Selling Houses Australia

Charlie Albone reveals his next project: The Beijing Horticultural Expo

Our very own Charlie Albone has been selected to display a garden at the Beijing Horticulture Expo.

Running for six months of the year, this expo is one of the biggest in the world, with over 16 million people expected to attend and be inspired by the lush, green gardens carefully curated by horticulture experts from around the world.

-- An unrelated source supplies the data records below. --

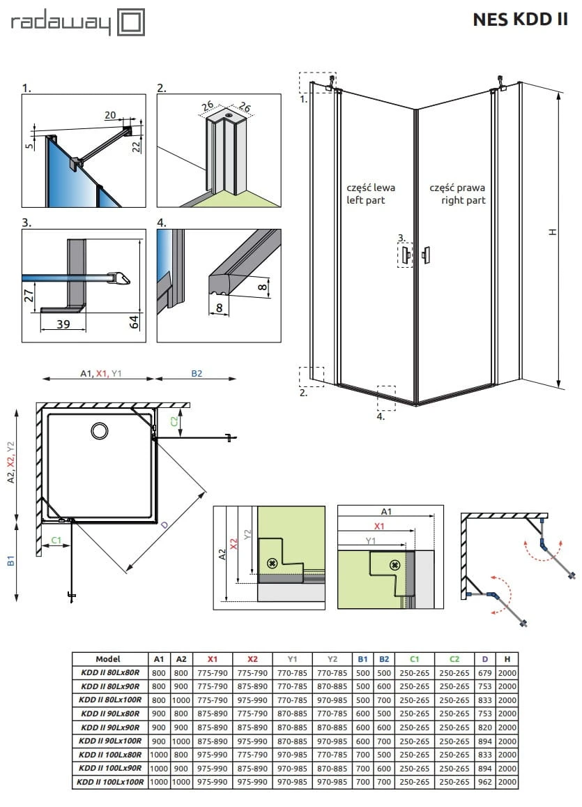 - Możliwość montażu bez listwy progowej: W standardzie otrzymają Państwo wszystkie komponenty potrzebne do montażu kabiny prysznicowej zarówno z listwą progową jak i bez listwy.
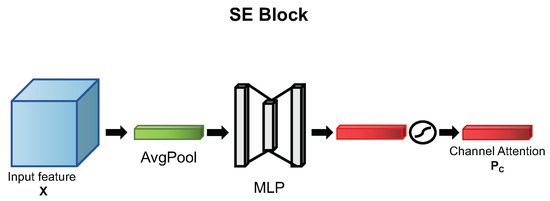 Squeeze-and-Excitation block is a powerful lightweight attention mechanism that focuses on enhancing the representation of the network by modeling channelwise relationships in a computationally efficient manner. This module is an efficient way to map input features to output features that embed the channel attention information. The transformation from X to O can be seen as the learned set of filter kernels, using to denote these filters, while refers to the parameters of the c-th filter. Then, we can write the output feature maps as , where . Here, is generally a scalar, and is an input feature map where . The ∗ denotes scalar multiplication.
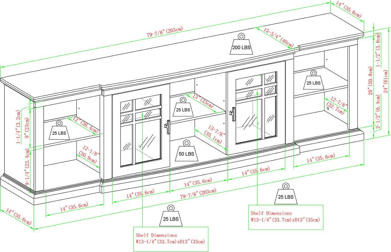 – Assembled Dimensions: 24 H x 80 L x 16 W
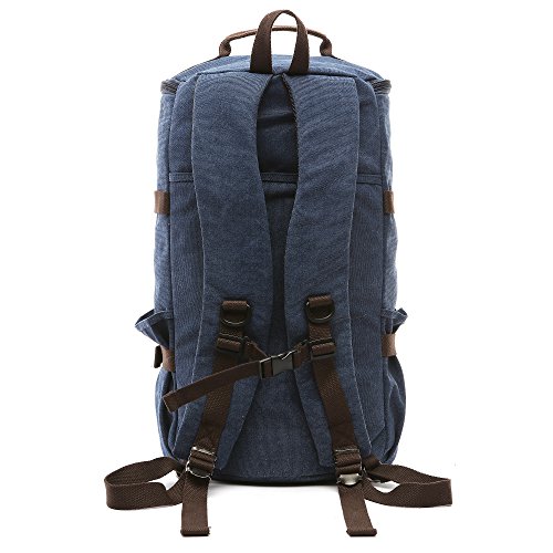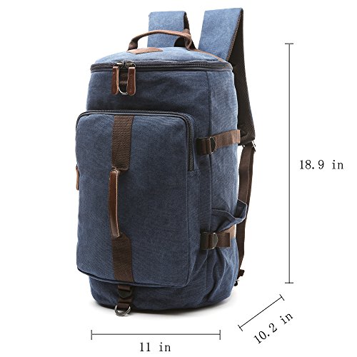 -. Feature : Multi-function Backpack,Main material:High density cotton canvas ,it's a very durable backpack. / Construction : one main zip pocket, one front zip pocket, two side pockets, one removable shoulder strap / Dimensions : about 11" L x 18.9" H x 10.2 W " / 28 x 47 x 26 cm ; With a capacity of about 35 L , suitable for most 15-inch laptops. / Multi- purpose : it can be used as backpack/ shoulder bag/ handbag / travel bag. The straps can be hidden , removable shoulder strap, easy conversion. A bag provides three different ways at least to carry it. / Any question of our backpack, just feel free to contact with us through Amazon. So that the problems can be solved with quickly.
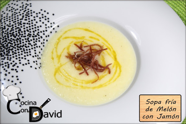 Con esta CREMA DE MELÓN FRÍA disfrutarás de una refrescante sopa con el delicioso sabor de virutas de jamón salteadas.
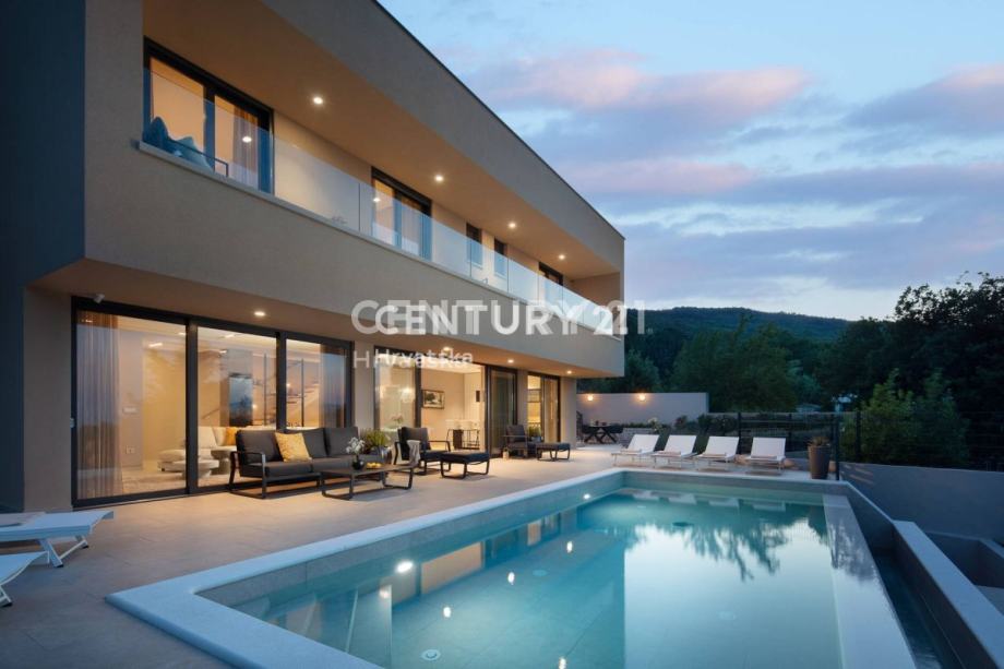 LABIN, LUSKUZNA KUĆA S PRELIVNIM BAZENOM I OTVORENIM POGLEDOM NA MORE
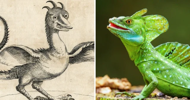 Scientists call the helmet-bearing basilisk the prototype of the sinister serpent basilisk, from whose gaze all living things are petrified (options with the Egyptian cobra and horned viper are less common). Human imagination has turned a small reptile into a terrible monster, similar to a rooster with tiger claws and dragon wings.
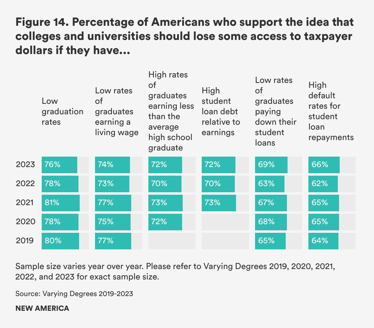 Varying Degrees is conducted with the hope to build a longitudinal data set of public opinion data about education after high school. However, we have made some changes throughout the last seven years to improve the survey instrument and modality of data collection, which may affect the ability to analyze the data long term. One of the major changes was the change in the survey mode from mostly phone to mostly online in 2019. Following the transition to mostly online, we decided to drop the neutral response options (for example: neither agree nor disagree) to improve response quality. Therefore, these changes may explain some of the data shifts from 2017 and 2018 collection years compared to 2019, 2020, 2021, and 2022 collection years.
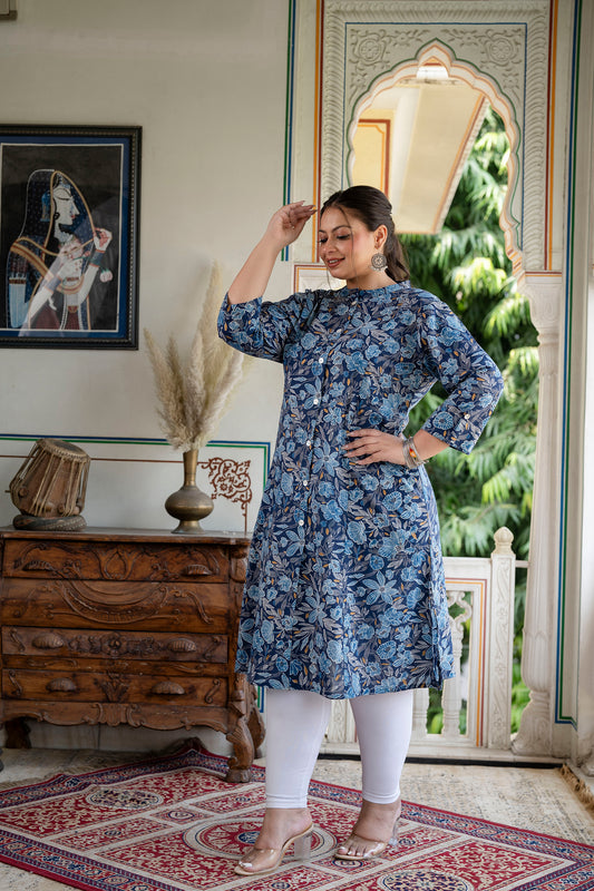 Blue Pure Cotton 'A' Line Kurta

Here, Charlie chats exclusively with us about his brand new display at this year's Beijing International Horticulture Expo and how it's all coming together.

Can you tell us a bit about the design inspiration behind the garden?

"I put forward a design called 'The stages of life', and it's supposed to represent the various times in your life and what you are going through. I know for me, I started Selling Houses Australia when I was 24 and now I am married with kids and things have changed a lot, so that's what I wanted to capture.

"There are sections of the garden that represent different stages of life. There's a woodland area that represents the sometimes foggy feeling we get going through life, but then there's large, open space to capture the feeling of clarity you get you get when you've done right or something seems to be going your way.

"You go into the garden through a giant split boulder around 2.2metres tall that is polished on the inside, so when you walk through, there's a kind of black mirrored effect to give you a real feeling of reflection.

"I've also designed a large, sunken courtyard area at the back of the garden that doubles as a water feature. It fills up with water, leaving you sort of 'forced' to stay there - the idea being that with our busy lives and all the distractions of social media and the like, we actually don't spend any time with our friends even though we think we do." 

 

 
 
 
 
 
 
 
 
 
 
 
 
 
 
 

A post shared by Charlie Albone (@charlie_albone) on

What do you hope people will take away from your display?

"Whenever you have a show garden you just want to inspire people to get interested in horticulture, or to adopt a greener lifestyle. I get a lot of benefits from working in horticulture and having gardening in my life, so it's about spreading that word and getting people to enjoy their own gardens."

Tell us about the build process, and how long it takes to create such a garden...

"The build is actually done by the Chinese government, so I have nothing to do with it, which is very strange as I tend to be involved in the build on all gardens I work on, both for shows and in my own business. 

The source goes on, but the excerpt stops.